Но разумеется, где без разбора приводится бесчисленное количество цитат, цифр, имен и всякого рода фактов, там необходимо находится и очень много важного среди бездны неважного, много нужного среди бесполезного, и каково бы ни было логическое достоинство книги, богатой фактами, она непременно будет иметь очень большую цену как сборник материалов. К сочинению Рошера прилагается тот политико-экономический вывод, что если трудолюбие велико, продукт все-таки получится довольно значительный, хотя бы метод производства и был сам по себе неудовлетворителен. Тут можно бывает жалеть лишь о том, зачем подобное трудолюбие не соединилось в трудящемся с столь же замечательною логическою силою. Мы почли нужным откровенно высказать свое мнение о научном достоинстве трудов Рошера только потому, что очень многие имеют преувеличенное понятие о их значении в науке. Что же касается до вопроса, полезна ли книга, начало русского перевода которой теперь напечатано, тут нет никакого сомнения: книга эта очень полезна или чрезвычайно полезна, или необыкновенно полезна, или в каком хотите смысле и в какой хотите степени называйте ее полезною. Мы ни в чем не противоречим. Сведений в ней такая гибель, что если успеешь усвоить себе хотя десятую часть их, будешь ученейшим человеком.
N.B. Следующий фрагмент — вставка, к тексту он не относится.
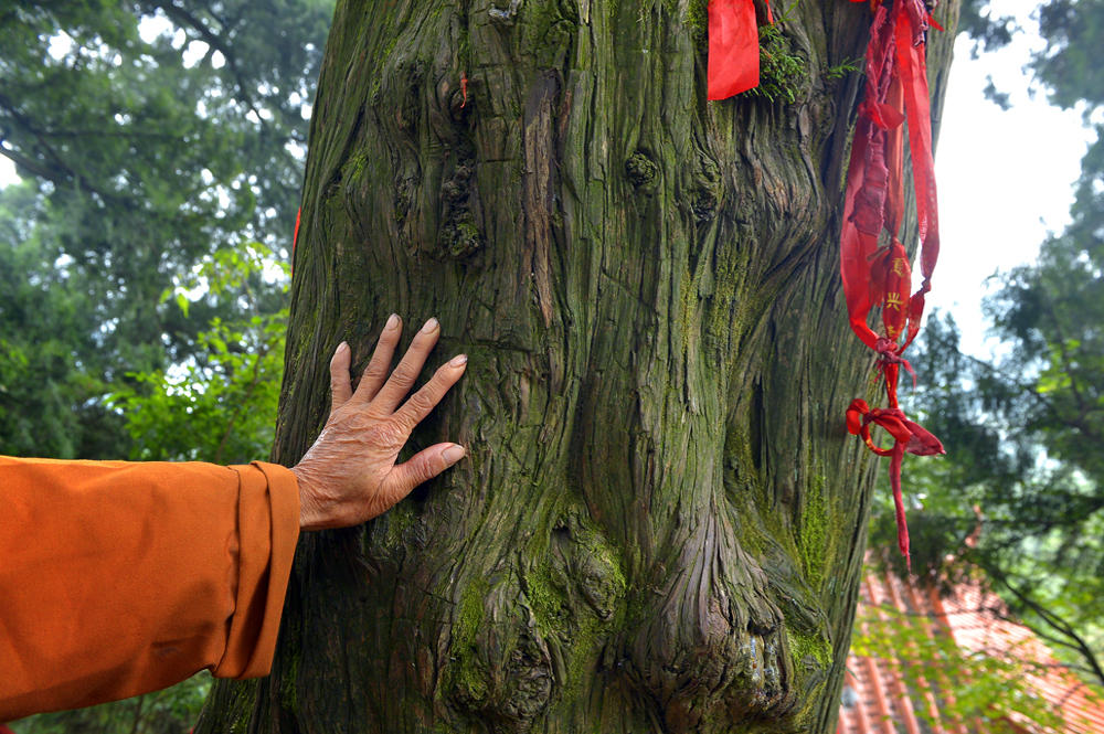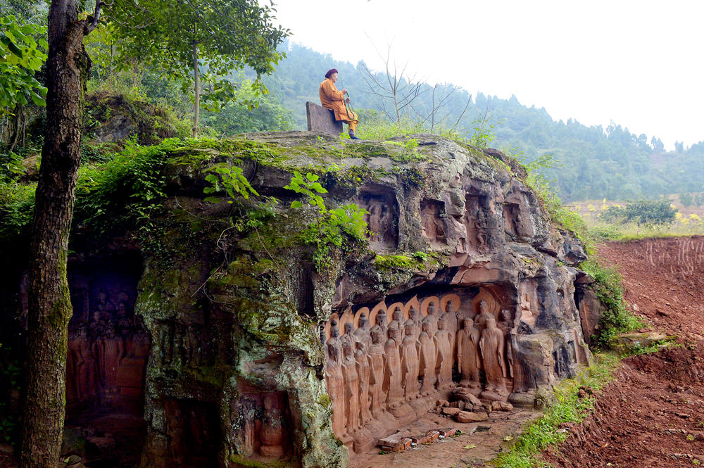 守佛人释心月说,大佛身后这几棵千年古柏,见证了仁寿大佛和唐代摩崖造像群的风风雨雨,也见证了牛角寨和高家大地的历史变迁。 (来自:朱建国)
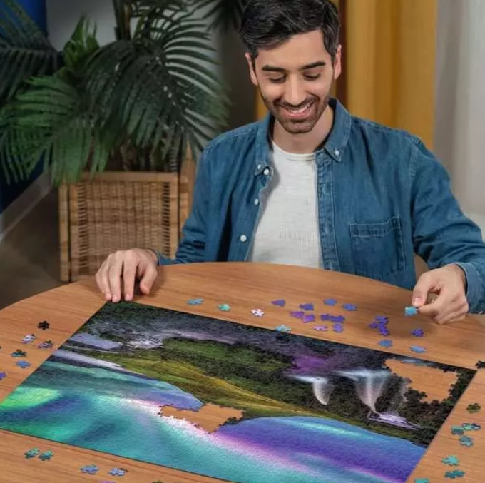 Motív „Čarovná noc na Islande“ zachytáva polárnu žiaru, vodopády a rieku v dychberúcich farbách. Puzzle s 1000 dielikmi je ideálnou voľbou pre pokročilých aj zdatných začiatočníkov, ktorí hľadajú relaxačnú zábavu aj mentálnu výzvu.
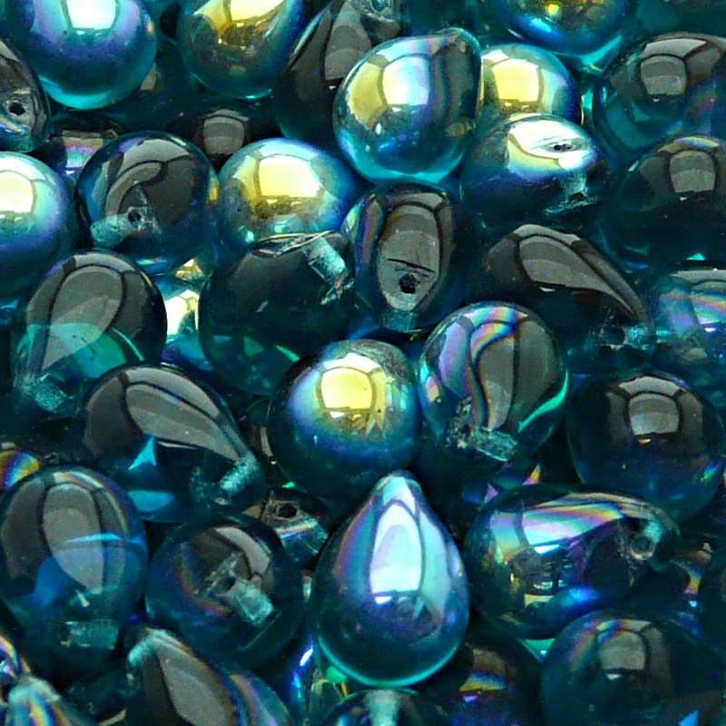 - 10ks České skleněné mačkané korálky kapky 10x14mm zelená akva/ AB polopokov

Но, скажут нам, вы хвалите только трудолюбие, с которым Рошер собирал факты, а самую систему Рошера не превозносите, вы удивляетесь его начитанности и прилежанию, а достоинств его как мыслителя вы не упоминаете: в тоне вашего отзыва о нем есть даже какое-то презрение, которое в отношении к столь знаменитому мыслителю становится неприличною дерзостью. Оправдайтесь в этом преступлении. Докажите, что вы имеете право говорить о нем таким тоном. Ведь вы до сих пор толковали только о форме его книги. Положим, что форма неуклюжа, положим, что наряду с делом набито в ней много пустого, лишнего, что ‘из этого? Форма в ученом сочинении — вещь второстепенная. Вы разбирайте не форму, а содержание.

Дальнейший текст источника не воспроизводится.